Best hikes in Hoh Rainforest

From there the 2 shorter loops will branch off with the Hall of Mosses on your left and the Spruces trail on the right. 

The Hall of Mosses

This is the trail that almost everyone told me we “had” to do. It’s a nice short loop with you guessed it – an amazing display of moss along with towering trees. While we thoroughly enjoyed this trail, we like the Spruces trail for its variety and solitude a little bit more. That being said- if you can do both- do both. 

Trail details:

Distance: 1 mile loop
Elevation: flat
Time: 1 hr
Difficulty: Easy

Highlights of the Hall of Mosses:

The Maple Grove is particularly spectacular with towering trees over 250 feet in a close cluster. The trail also sports an incredible variety of moss and ferns along the forest floor. This trail is enjoyable rain or shine but prepared to get wet as well as for some mud along the trail.

The Spruces Trail

Maybe it was the lack of expectations going into it, but the Spruces trail really surprised us and blew us out of the water. There was no one on the trail with us on a Friday evening and the trail had a little more variety to it than the Hall of Mosses.
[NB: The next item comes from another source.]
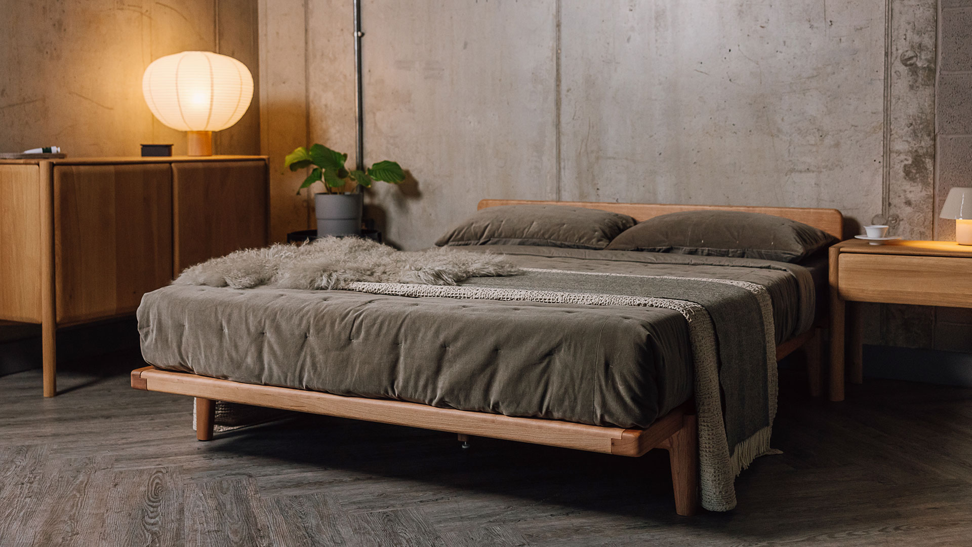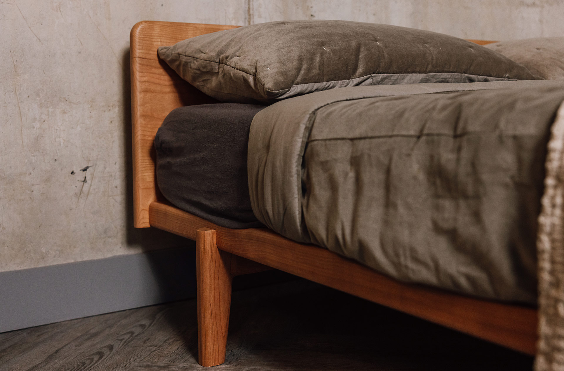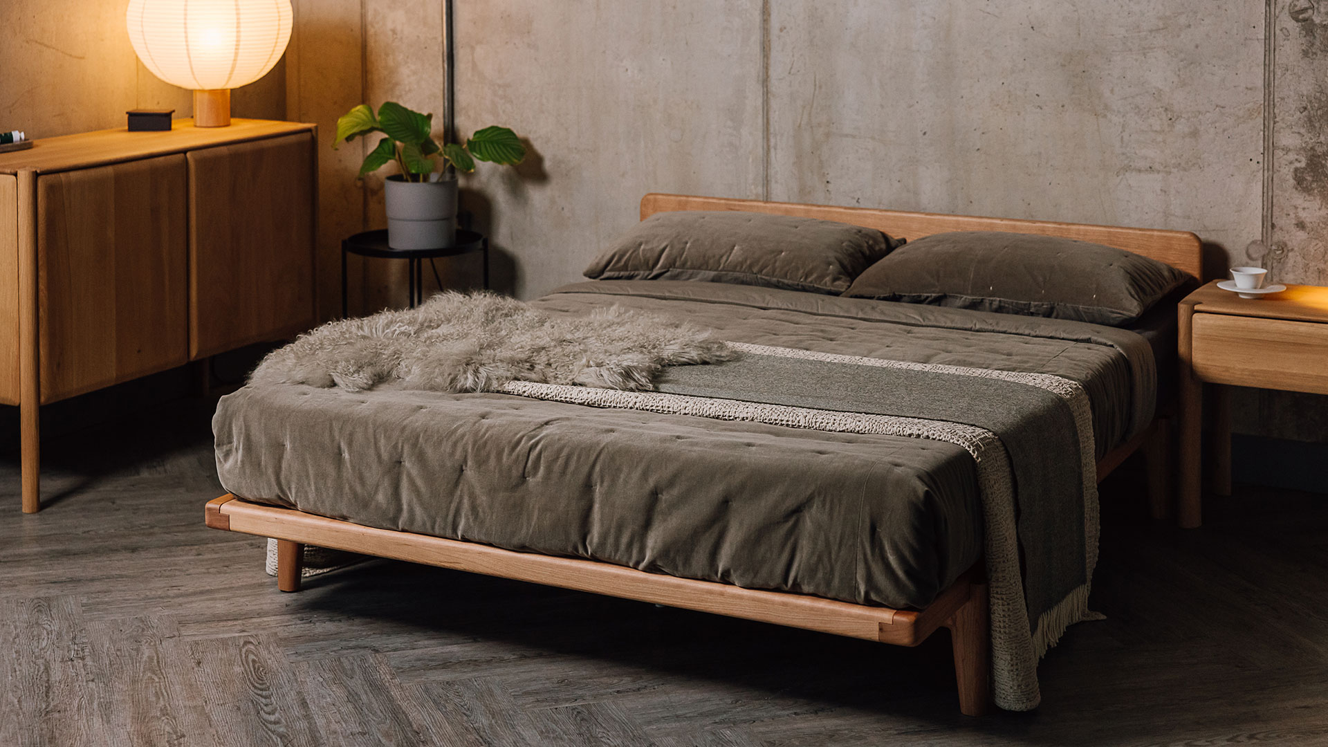 A meeting of worlds, the Osaka handmade bed combines ideals from minimal Japanese style and that classic tranquility of Scandinavian design. With a slightly larger footprint than that of our Kyoto bed, the Osaka is still a compact frame, but with a more modern look. The softly rounded legs and edges also bring a hint of mid-century modernity to the overall look.

There’s still that beautiful moss and towering trees that you visit the rainforest for, but you also luck out with beautiful riverside views as well. The lack of crowds also helps persuade wildlife to hang around so we actually spotted a few deer on this trail. 

Trail details:

Distance: 1.2 mile loop
Elevation: flat
Time: 1 hr
Difficulty: Easy

Highlights of the Spruces trail:

The river views and sparsity of crowds are definitely the highlights of the trail. There are plenty of tall tress and just as many moss/ ferns as the Hall of Mosses. I highly recommend both of the trails but if you want moody river views specifically- this is your trail.

A couple little deer hiding in the forest

Where to stay near Hoh rainforest:

Hoh Rainforest Campground:

There are 78 first come first serve campsites at the Hoh rainforest campground. Fees are $20/ night. There are a few sites that can accommodate RVs up to 21 feet long and a couple that can fit one 35 feet. There is no dump station or hookups however the campground provides flushing toilets and potable water.
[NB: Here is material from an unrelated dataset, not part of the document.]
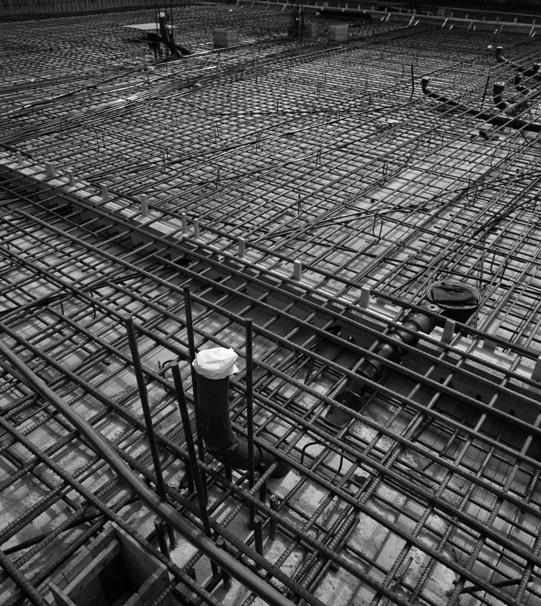 Exteriör, detalj av byggarbetsplats med armeringsjärn, vid Konserthuset

We did not stay in the campground but admired it as we drove by. The sites are stationed along the river dispersed among giant trees. Just be prepared to get wet if you camp here!

Forks, WA

Forks is the closest town (about 1 hour away) to the Hoh rainforest part of Olympic NP. It’s a fantastic place to base for a day or two to also visit the many nearby Pacific Beaches including Ruby Beach and those of La Push. Be warned hotels don’t come cheap and are pretty sparse in the small town- book early. My recommendation: Forks Motel

What do you think? Is Hoh Rainforest on your must do list? Anyone hike both trails and think the Spruces trail trumps as well?